Historically (geologically speaking that is), large brains are more common among predators than among prey. Perhaps, in stalking prey one has to have a model of what the prey might do. When being prey, it doesn't pay to ponder the matter. The task is to get away. Quickly. Another clue: in the Cenozoic, the larger brains seem to be with social animals. Many mammals are highly social, presumably as a result of the strong mother-offspring bond resulting from extended care-giving. Animals that live together in groups have a need to signal to each other, and to receive the signals and use them to modify behavior. Dogs maintain a social hierarchy employing quite complex behavior, which includes predicting how an adversary or partner will react to provocation or appeasement. Certain monkeys warn each other about the presence of predators (as do many other social animals) but they also specify whether it is a snake or large cat.
Basically, we still do not know why humans acquired a large brain (or why dolphins did so, or elephants). What mechanism kept the brain growing once it had started to do so, three million years ago?

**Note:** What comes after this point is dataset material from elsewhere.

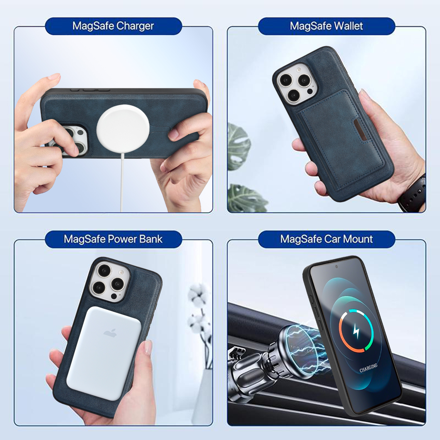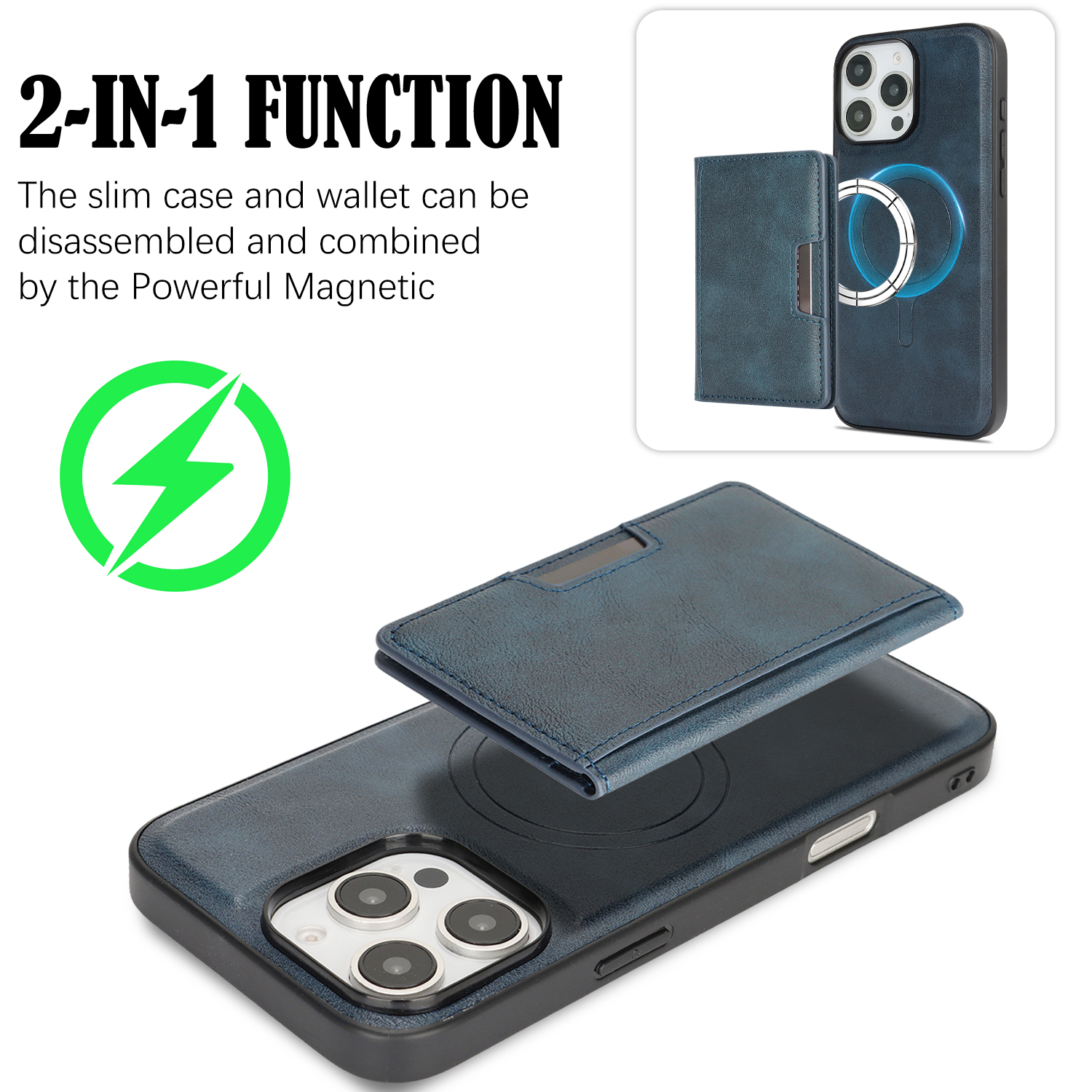 - MagSafe Compatible Supports for MagSafe accessories and wireless charging, featuring a minimalist magnetic leather bi-fold design with card holder functionality.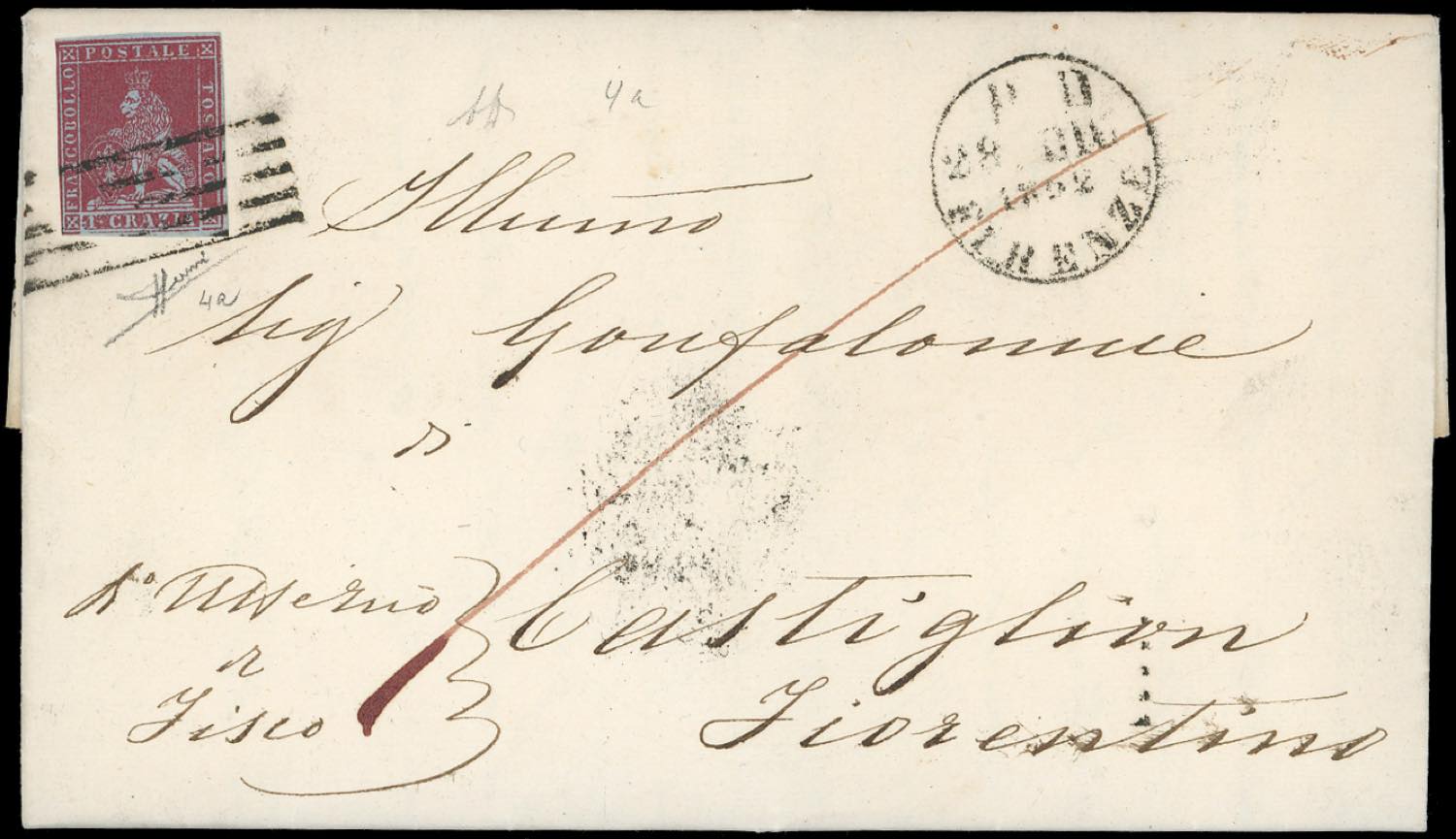 1852 - 1 crazia carminio cupo su azzurro (4a), appena sfiorato a sinistra, isolato su lettera da Firenze 28/12/1852 a Castiglion ... Leggi tutto

Several things kept changing about humans. Upright gait and getting better at throwing things. Tool-making. Beginnings of language. Perhaps larger groups, a more complicated social structure. Trading and warring with other groups. Somehow, on the margin, having a slightly larger brain was of greater advantage than running a bit faster or throwing rocks farther. In the end, we must assume that the growth of the brain itself provided the conditions that led to further growth. Humans entered a positive feedback loop just like the giraffe with its neck, the elephant with its trunk, the dolphin with its fluke. Once you have it, it pays to improve on it. It is like building on expertise, in business. We must not forget that it was a very slow process. From one millennium to the next, the change would have been immeasurably small. Summed over half a million years, it is very remarkable. For the last 30,000 years, as far as can be ascertained, nothing much has happened regarding brain size (or anything else). Our ancestors from that time, if fetched in a time machine, would fit right in and quickly acquire the skills we have. (In return, they might volunteer to show us how to hunt mammoths.)